Thank you for your thoughtful comments and suggestions! We address each of the points raised in turn below.
Q1 - Non-asymptotic guarantees
We agree that some non-asymptotic guarantees on the behavior of our estimator would be a valuable addition to this work. We have derived a new theorem for our proposed QFR loss, , demonstrating that the interval resulting from the minimization of the loss directly covers the right proportion of samples that correspond to the targeted coverage, regardless of the size of the sample (for ease of access, we provide the new proof at this link). This property is called the “quantile property” when true for a quantile estimator loss function [8], and illustrates that our proposed expression is well motivated. This reassuring property reinforces our claim that this expression provides a suitable objective for the goal of generating well-calibrated prediction intervals in the finite sample setting.
Action taken: We have added this new theorem to the manuscript.
Q2 - Why is QFR preferable?
We thank the reviewer for raising this point as it is something that should have been made more clear in the text. The key idea of our work is that although several methods might achieve a desired level of marginal coverage with their intervals, this is an underspecified problem with potentially an infinite number of admissible solutions. Given this, any interval-producing method is required to introduce some additional regularization (either implicit or explicit) in order to select among the possible solutions. In the case of quantile regression, the pair of symmetric quantiles are selected. However, given that other attributes are typically desired in these intervals (as illustrated by the large body of work that attempts to minimize interval width [1-3] or maximize conditional coverage [4,5]), there are likely more preferable solutions than quantile regression. One real-world example where this is the case is in renewable energy sources where it has been noted that “the probability distribution of the renewable energy source’s power output is generally skewed, thereby the width of CPIs is often unnecessarily wide” [6].
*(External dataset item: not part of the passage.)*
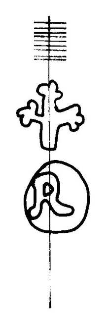 Tipo de filigrana: Sencilla Parte estudiada: Toda la filigrana Código del Motivo: U.01.03.00 Descripción: Círculo con una R sobremontado por una cruz lobulada. Estructura: Tradicional de líneas Altura (mm): 31 Anchura (mm): 14 Tipo de papel: Verjurado Posición en la hoja: Distancia entre corondeles: Posición en relación al texto: Origen de los datos: Datos obtenidos de una repro Información adicional: Esta filigrana ha sido publicada por Oriol VALLS i SUBIRÁ, Paper and Watermarks in Catalonia. T. I-II. Amsterdam: The Paper Publications Society, 1970, filigrana nº 771. La imagen que se ofrece es un calco manual de la filigrana publicada y parte de los d País de localizatión del molino: España Lugar del molino: Cataluña Fabricante: Romaní ? Autor de los datos de este registro: María Dolores Díaz de Miranda Macías Estado de la hoja: Altura de la hoja: Anchura de la hoja: Color de la hoja: Institución: Archivo Municipal de Manresa, Barcelona.

In our work, we ensure this decision is made explicitly by the user such that the most appropriate intervals can be found for a given application by using the corresponding regularization term. Our experiments in Tables 3 & 4 then illustrate that our objective results in intervals that better achieve these properties when evaluated on standard benchmarks. For Table 3 this improvement is not surprising as symmetric intervals are generally not the most narrow possible intervals (because real-world distributions are unlikely to be perfectly symmetric). For Table 4 this improvement is also expected as it provides greater flexibility on the solution to select one that achieves greater independence between width and miscoverage events.
We appreciate that the uncertainty quantification literature is vast and there exist many differing approaches. In Appendix A we provided an extended discussion on this literature which highlighted that single model approaches such as quantile regression have distinct advantages that make research in this area valuable in its own right. Factors such as their minimal computational overhead and lack of assumptions on the data have resulted in the extensive application of these methods in practice (see e.g. [7] for an overview of just some of the vast number of real-world implementations of this method). We believe it would fall outside the scope of this conference paper to survey and compare the various categories across all of the uncertainty quantification literature while accounting for their relative strengths and weaknesses to the appropriate rigorous standard required for a conference such as ICLR.
Action taken: We have updated our text to better reflect this motivation.
Q3 - Non-convex loss.
We completely agree that convexity is conceptually a nice property to have in a loss function. However, the theoretical guarantees afforded to convex loss functions (e.g. converging to the global minimum) typically require additional assumptions which are generally not met in the deep learning setting anyway. Therefore, we would argue that methods should be judged on their empirical performance which, in the case of our proposed method, is generally superior to existing convex baselines (indeed, neural networks themselves are typically non-convex which has certainly not limited their value!).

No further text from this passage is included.